== Data excerpts ==
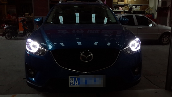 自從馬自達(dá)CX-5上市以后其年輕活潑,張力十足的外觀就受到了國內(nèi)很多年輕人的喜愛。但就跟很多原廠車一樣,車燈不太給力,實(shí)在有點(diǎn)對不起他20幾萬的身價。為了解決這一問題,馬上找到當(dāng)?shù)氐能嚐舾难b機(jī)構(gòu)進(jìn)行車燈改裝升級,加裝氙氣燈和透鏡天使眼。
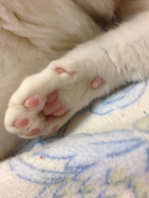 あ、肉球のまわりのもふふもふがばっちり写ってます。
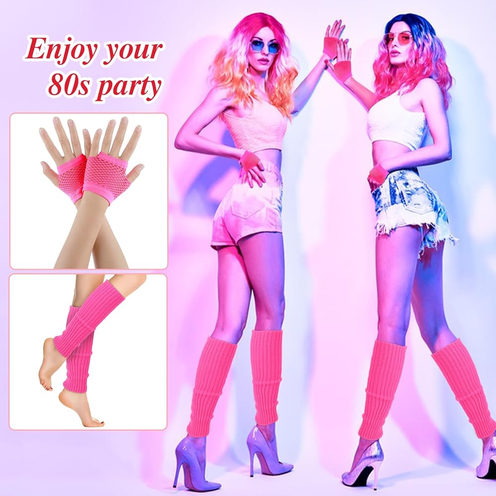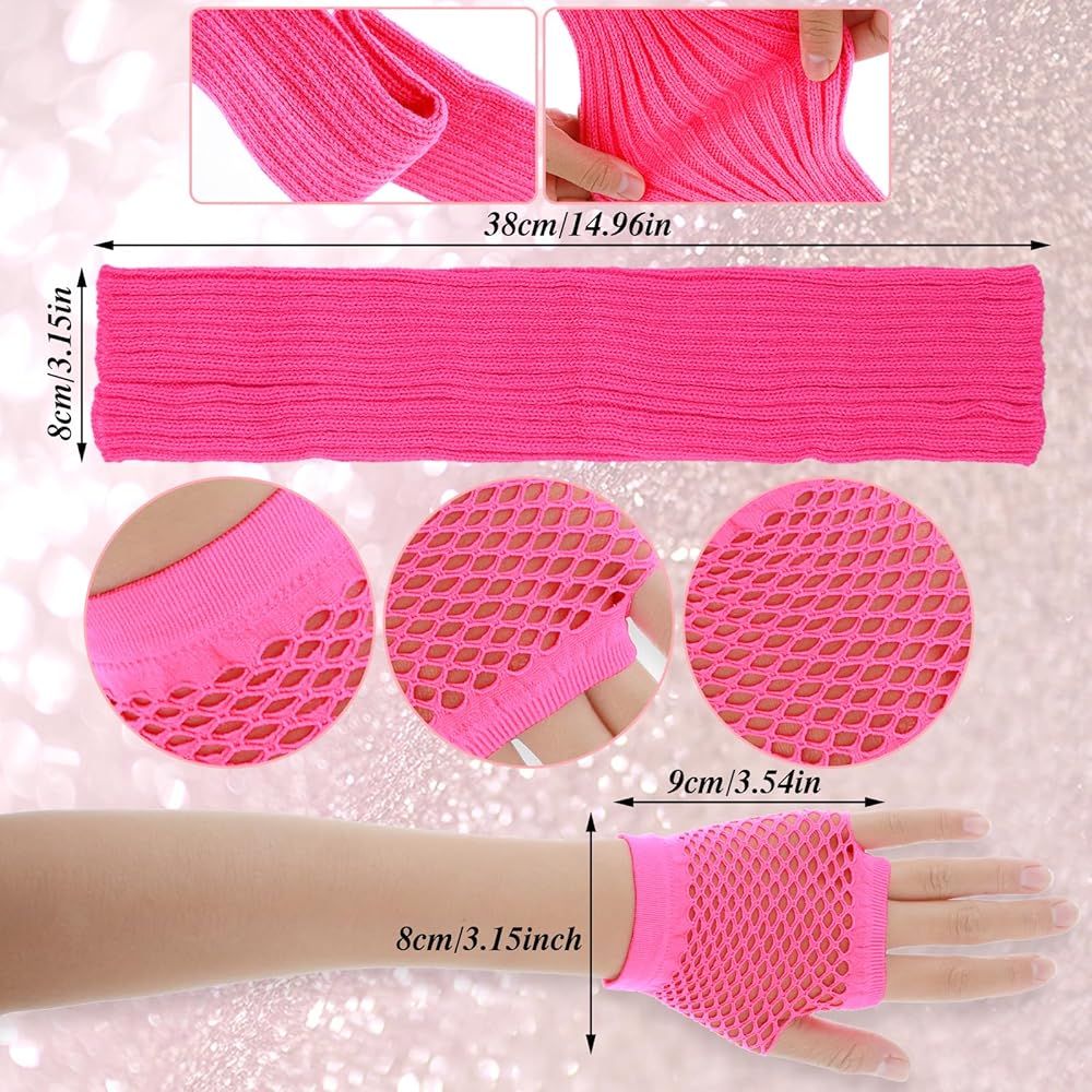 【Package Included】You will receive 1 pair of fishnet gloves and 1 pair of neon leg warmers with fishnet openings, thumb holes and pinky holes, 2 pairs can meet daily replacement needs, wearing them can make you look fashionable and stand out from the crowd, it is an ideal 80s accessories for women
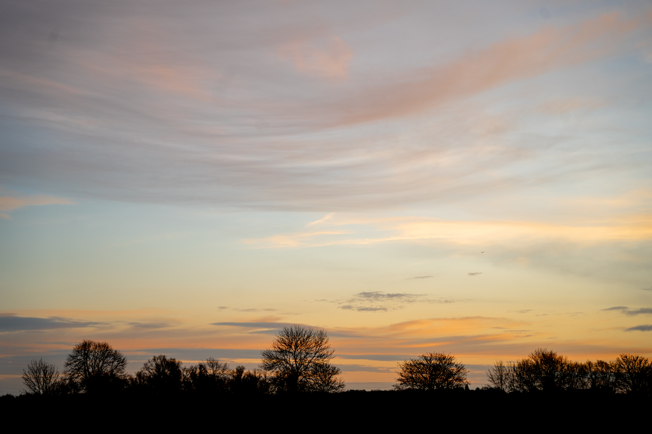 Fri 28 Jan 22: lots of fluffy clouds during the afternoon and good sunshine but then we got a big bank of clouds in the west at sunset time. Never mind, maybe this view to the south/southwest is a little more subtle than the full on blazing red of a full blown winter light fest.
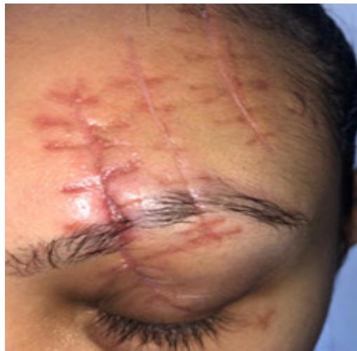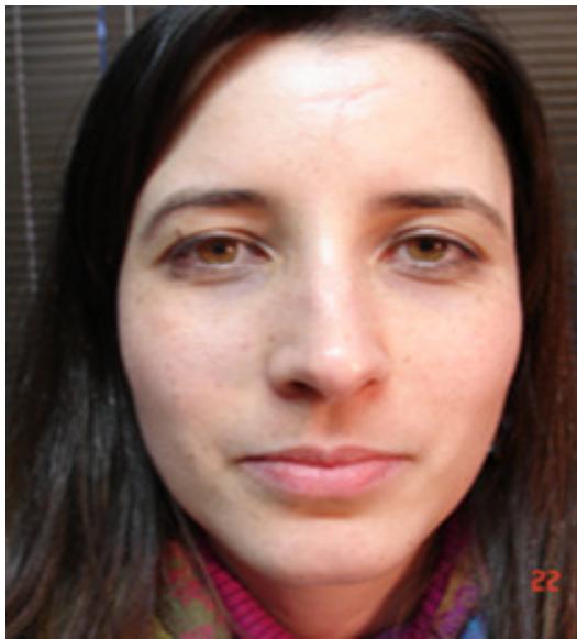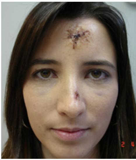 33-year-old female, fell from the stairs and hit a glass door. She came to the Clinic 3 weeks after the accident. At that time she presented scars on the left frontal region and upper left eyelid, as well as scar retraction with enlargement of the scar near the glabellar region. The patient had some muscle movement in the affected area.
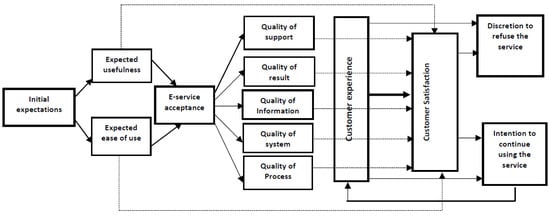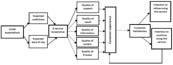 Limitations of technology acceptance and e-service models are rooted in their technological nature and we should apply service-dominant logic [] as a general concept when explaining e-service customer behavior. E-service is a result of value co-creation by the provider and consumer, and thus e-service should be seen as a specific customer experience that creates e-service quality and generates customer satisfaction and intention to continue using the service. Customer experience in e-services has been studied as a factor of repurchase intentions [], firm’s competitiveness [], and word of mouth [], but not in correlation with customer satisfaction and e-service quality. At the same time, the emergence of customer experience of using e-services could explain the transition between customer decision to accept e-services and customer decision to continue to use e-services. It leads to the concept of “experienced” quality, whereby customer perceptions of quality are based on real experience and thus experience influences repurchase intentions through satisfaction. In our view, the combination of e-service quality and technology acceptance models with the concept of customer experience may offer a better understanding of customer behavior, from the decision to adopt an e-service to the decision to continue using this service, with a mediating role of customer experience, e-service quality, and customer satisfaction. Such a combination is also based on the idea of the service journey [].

== Work order ==
The lines needed run from the first line of the records through the line containing "accessories for women", both included. Restate them word for word, without pictures.

== Exercise output ==
 自從馬自達(dá)CX-5上市以后其年輕活潑,張力十足的外觀就受到了國內(nèi)很多年輕人的喜愛。但就跟很多原廠車一樣,車燈不太給力,實(shí)在有點(diǎn)對不起他20幾萬的身價。為了解決這一問題,馬上找到當(dāng)?shù)氐能嚐舾难b機(jī)構(gòu)進(jìn)行車燈改裝升級,加裝氙氣燈和透鏡天使眼。
 あ、肉球のまわりのもふふもふがばっちり写ってます。
 【Package Included】You will receive 1 pair of fishnet gloves and 1 pair of neon leg warmers with fishnet openings, thumb holes and pinky holes, 2 pairs can meet daily replacement needs, wearing them can make you look fashionable and stand out from the crowd, it is an ideal 80s accessories for women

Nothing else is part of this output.